- _WORK INSTRUCTION_:
Report the number of lines in the entries below that include the word "creating", and nothing else.

···

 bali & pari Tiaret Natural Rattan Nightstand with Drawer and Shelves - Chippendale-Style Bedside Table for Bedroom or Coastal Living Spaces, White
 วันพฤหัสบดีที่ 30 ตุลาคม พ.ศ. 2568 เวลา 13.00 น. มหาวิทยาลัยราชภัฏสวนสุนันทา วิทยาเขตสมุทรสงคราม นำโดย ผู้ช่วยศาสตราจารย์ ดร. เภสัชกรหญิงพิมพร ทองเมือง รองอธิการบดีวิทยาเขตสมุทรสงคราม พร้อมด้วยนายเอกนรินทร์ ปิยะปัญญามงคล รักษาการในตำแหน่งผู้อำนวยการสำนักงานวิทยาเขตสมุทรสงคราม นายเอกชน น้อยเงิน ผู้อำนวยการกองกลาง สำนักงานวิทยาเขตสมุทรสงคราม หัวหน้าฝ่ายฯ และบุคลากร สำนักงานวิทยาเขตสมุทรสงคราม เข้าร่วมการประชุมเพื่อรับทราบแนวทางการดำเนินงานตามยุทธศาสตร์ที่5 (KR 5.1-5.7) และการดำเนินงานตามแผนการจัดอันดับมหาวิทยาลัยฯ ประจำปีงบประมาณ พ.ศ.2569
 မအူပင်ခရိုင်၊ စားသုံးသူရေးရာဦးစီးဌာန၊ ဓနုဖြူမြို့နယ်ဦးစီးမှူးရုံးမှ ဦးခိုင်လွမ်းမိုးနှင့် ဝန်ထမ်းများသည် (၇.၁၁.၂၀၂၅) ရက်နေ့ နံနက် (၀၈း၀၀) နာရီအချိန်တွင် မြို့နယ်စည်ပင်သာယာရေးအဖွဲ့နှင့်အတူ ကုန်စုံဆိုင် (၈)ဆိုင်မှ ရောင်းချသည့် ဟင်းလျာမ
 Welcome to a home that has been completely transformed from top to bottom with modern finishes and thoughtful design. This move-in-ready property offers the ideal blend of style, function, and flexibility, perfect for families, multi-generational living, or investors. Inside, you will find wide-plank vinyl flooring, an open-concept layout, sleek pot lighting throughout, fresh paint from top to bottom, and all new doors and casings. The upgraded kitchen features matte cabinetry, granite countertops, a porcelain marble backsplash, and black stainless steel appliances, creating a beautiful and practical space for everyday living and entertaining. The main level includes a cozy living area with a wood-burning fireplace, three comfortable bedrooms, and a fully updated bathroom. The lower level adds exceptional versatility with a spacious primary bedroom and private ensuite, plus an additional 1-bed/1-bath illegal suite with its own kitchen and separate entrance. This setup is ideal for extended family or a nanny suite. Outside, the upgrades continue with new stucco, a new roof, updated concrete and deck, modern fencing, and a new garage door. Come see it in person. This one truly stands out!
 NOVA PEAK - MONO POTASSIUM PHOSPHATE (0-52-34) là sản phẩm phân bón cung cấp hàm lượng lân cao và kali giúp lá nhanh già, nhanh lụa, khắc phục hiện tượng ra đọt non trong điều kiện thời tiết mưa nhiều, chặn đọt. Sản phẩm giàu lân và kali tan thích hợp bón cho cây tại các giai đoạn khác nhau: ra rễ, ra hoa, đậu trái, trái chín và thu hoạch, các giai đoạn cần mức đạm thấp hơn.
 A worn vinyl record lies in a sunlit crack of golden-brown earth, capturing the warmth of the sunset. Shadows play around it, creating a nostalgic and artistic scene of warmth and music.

···

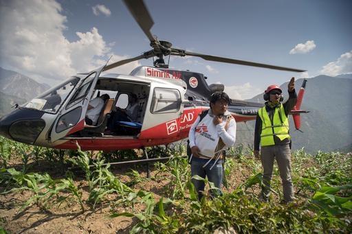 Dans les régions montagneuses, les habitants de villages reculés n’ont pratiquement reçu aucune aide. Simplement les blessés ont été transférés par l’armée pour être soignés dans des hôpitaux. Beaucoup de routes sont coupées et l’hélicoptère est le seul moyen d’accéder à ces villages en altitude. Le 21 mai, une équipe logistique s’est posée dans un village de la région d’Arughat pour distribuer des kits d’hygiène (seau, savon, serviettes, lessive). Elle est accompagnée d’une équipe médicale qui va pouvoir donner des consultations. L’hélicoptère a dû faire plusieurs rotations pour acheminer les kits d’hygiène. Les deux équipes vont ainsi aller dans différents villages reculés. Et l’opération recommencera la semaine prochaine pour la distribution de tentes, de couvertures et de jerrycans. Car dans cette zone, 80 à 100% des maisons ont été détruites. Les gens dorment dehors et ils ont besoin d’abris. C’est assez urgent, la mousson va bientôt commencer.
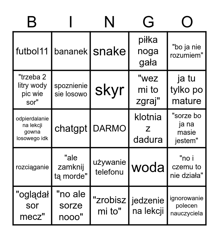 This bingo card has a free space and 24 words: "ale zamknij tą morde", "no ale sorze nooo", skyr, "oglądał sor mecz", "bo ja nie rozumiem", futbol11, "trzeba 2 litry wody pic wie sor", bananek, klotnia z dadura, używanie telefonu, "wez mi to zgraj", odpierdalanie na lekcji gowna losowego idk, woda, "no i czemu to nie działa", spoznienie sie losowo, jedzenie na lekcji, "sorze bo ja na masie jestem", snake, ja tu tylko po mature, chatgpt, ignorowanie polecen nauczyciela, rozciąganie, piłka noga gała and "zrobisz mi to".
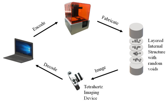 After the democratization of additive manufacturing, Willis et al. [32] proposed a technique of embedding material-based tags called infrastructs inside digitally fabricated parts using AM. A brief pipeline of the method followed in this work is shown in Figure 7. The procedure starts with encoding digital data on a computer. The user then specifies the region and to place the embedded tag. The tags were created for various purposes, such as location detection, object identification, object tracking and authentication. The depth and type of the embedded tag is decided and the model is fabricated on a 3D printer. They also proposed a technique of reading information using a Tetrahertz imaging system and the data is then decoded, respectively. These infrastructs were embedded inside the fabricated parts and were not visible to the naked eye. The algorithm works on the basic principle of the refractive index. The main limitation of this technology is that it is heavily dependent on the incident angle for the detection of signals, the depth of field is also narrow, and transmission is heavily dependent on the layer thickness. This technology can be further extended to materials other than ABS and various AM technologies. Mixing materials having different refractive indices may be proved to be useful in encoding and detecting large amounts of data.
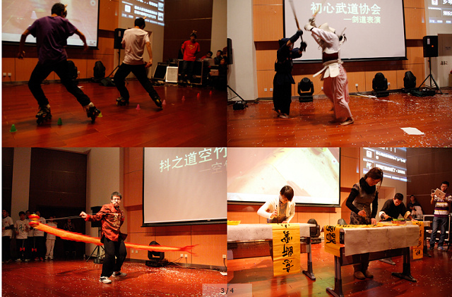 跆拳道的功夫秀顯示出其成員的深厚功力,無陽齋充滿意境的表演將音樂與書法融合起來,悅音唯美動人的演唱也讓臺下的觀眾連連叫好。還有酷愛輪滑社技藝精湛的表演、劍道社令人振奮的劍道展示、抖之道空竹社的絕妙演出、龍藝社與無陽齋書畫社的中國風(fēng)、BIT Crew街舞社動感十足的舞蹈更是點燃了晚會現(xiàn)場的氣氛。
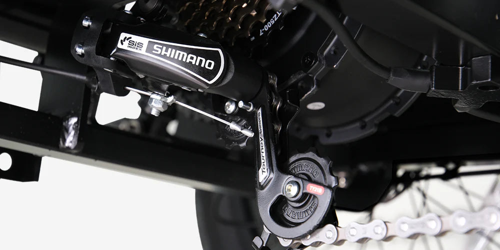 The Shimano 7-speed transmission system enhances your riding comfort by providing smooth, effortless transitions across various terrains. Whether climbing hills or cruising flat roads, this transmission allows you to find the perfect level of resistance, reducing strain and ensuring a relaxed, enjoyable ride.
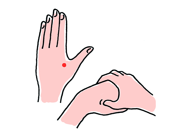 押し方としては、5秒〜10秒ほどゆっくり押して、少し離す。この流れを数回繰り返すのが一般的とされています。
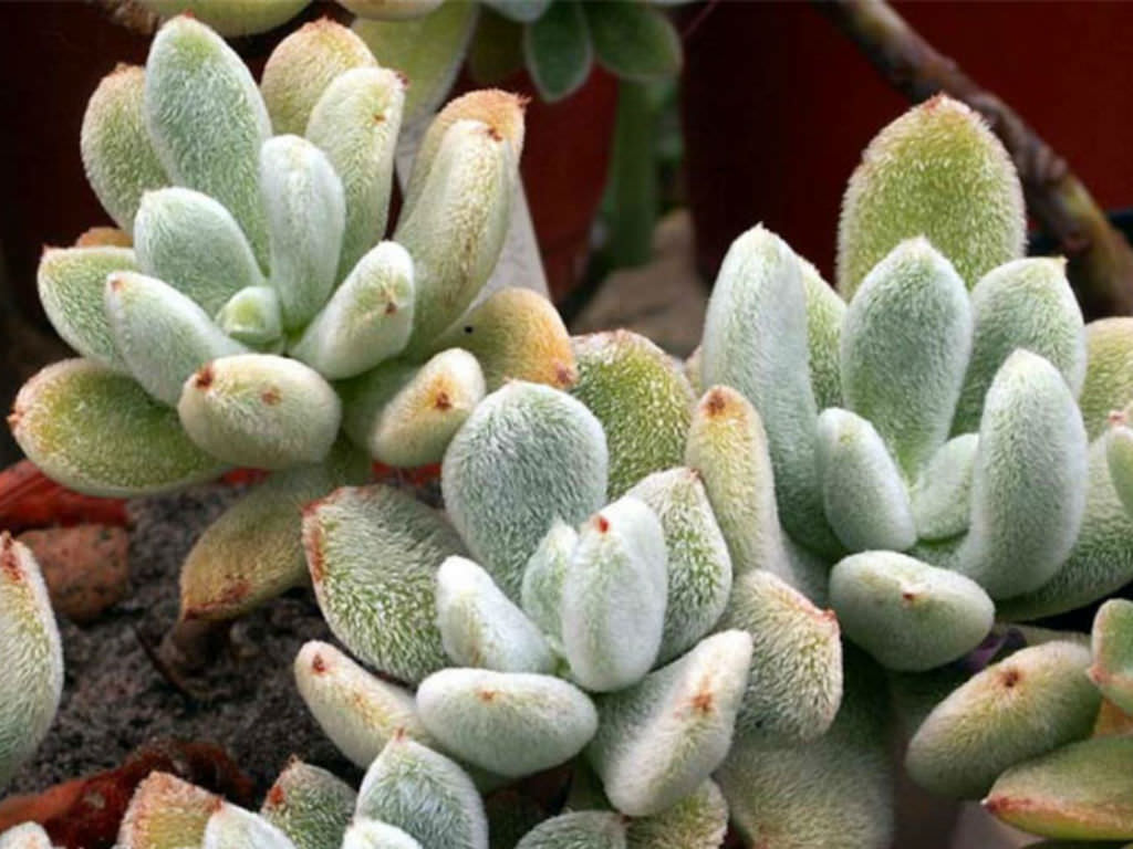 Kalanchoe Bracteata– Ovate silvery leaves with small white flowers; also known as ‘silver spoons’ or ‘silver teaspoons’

···

- _RESPONSE TO THIS TASK_:
2